My name is Sebastian Michael and this episode is the Introduction, so today I will not actually be reciting, revealing or reliving any sonnet, but I will briefly introduce myself, so you get an idea of whom you’re listening to, and I will also tell you a bit about the approach I am taking to these glorious poems, and why they mean quite as much to me as they do. And in doing so I hope to of course also put forward a bit my credentials for actually doing this podcast.

I first fell in love with the Sonnets in the summer of 2013. Of course, like everybody else, I had heard several of them before, some of the more famous ones I felt I knew almost by heart, but it was when a friend of mine on Facebook decided to post one sonnet a day in the run-up to Christmas for 154 that the spark really lit and set my heart on fire for the Sonnets, because this almost immediately became the highlight of my day.

I would get up every morning, looking forward to the new instalment, which this friend of mine had generously furnished with some notes he’d found online, and to me it became really obvious really soon that these Sonnets are Shakespeare’s most personal, most intimate, most immediately revealing work, that far from being “sugar’d” – as very famously one of Shakespeare’s contemporaries called them – or simply sweetly romantic, they cover a vast range of his private and professional ups and downs; they express his rage, his frustration, his jealousy, his loneliness, his despair at the passing of time, often a deep confusion, all of these quite as much as love and admiration and the wonder at sheer beauty, which we know them so well for. And I also felt I could detect in them an at least plausible, chartable story. 

Now I have to put here in brackets that this in itself – charting a story from the sonnets – is immensely controversial. And I will come back to this, because it is a fascinating and an important question: to what extent can or should the sonnets be read as biographical; I will address this in quite a bit more detail. But here let me just tell you what I did next:

Fully aware that everything is conjecture and that everything or almost everything about these Sonnets, not least the degree to which they can be regarded as biographical, is hotly disputed, I wrote a play, called The Sonneteer, which together with the wonderful actor Tom Medcalf and the equally marvellous director Ros Philips I took up to the Edinburgh Festival Fringe in 2014. This play incorporates about two dozen of Shakespeare’s Sonnets and imagines a possible course of the relationship between the poet and The Fair Youth whom the majority of these Sonnets are either directly or indirectly addressed to, or as some people might put it, believed to be addressed to.

Since then, I've recorded all of the Sonnets on YouTube and I’ve also created the Saturday's Sonnet video blog, which selected one Sonnet each week to look at in some detail.

What I want to do with this podcast now is celebrate all these Sonnets afresh, pursuing very much the approach I adopted previously: listen to the words and find out what they actually tell us. They tell us a lot, if we listen carefully, and the joy of working with these sonnets is such that I am going one step further than I did before. For this podcast I am learning all of the Sonnets by heart. I am not just reading them, I am really internalising them to get to their essence as much as I possibly can. Of course, for the podcast I will check them very carefully against the printed versions because I want to make sure that I give you an authoritative version of the Sonnet; so I won’t be relying entirely on my memory, but at this point, as I am recording this Introduction, I am able to recite the first 35 or 36 Sonnets and I mean to continue until I have them all down to a T.

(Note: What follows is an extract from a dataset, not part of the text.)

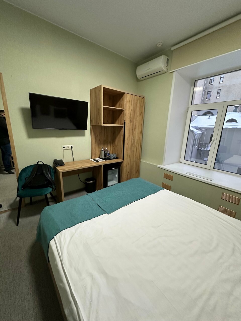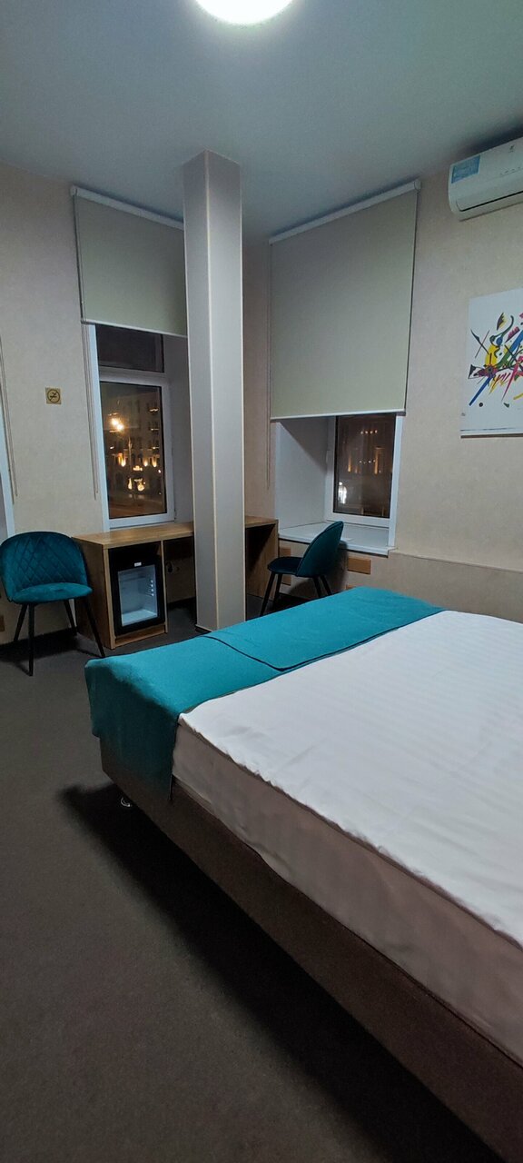 Все что хорошо в этом отели это только расположение, грязно, шумоизоляция отсутствует, даже слышно о чем разговаривают в соседнем номере, под окном что-то торохтит круглосуточно, (администратору сказала, реакции 0) номер очень маленький и тесный в добавок но центру столб.
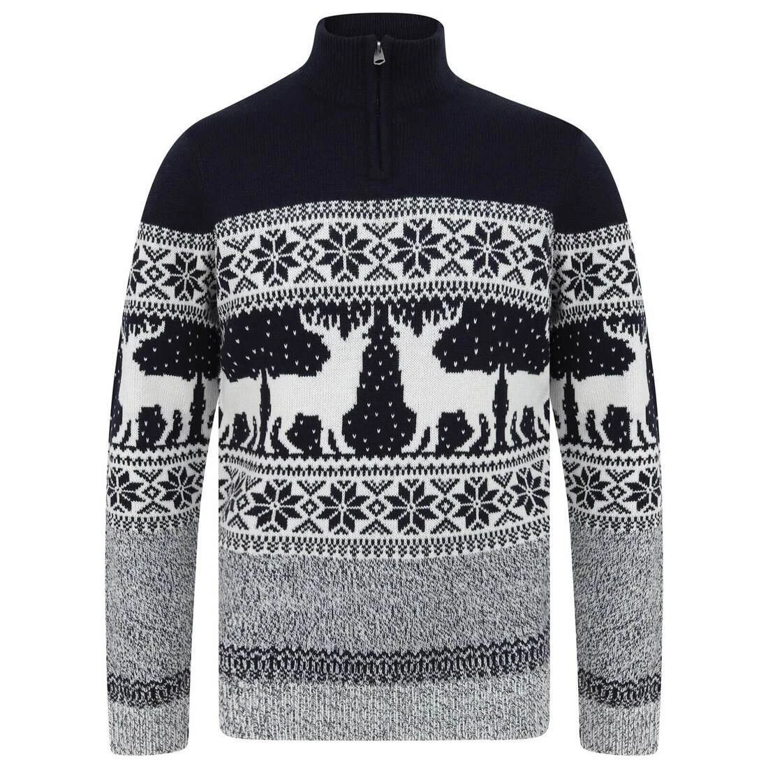Have fun over the festive season in this traditional style Christmas sweater. Based on the Gullfoss waterfall in Iceland, the design features reindeer and snowflake patterns. The high neck has a zip fastening for comfort. This Fair Isle style Christmas jumper is available in dark navy or ecru colours in mens sizes S, M, L, XL or XXL. Perfect for family seasonal celebrations and a great gift idea for the man in your life!

Now though, before we start reciting, revealing and reliving Shakespeare’s Sonnets with Episode One, which is the next one and the first one in the actual series, it is probably worth setting the scene a bit by looking at what we do know and what we don’t know about this extraordinary body of work, and what assumptions we are going to have to make. Because you always have to make some assumptions when you are dealing with a piece of classic literature such as this.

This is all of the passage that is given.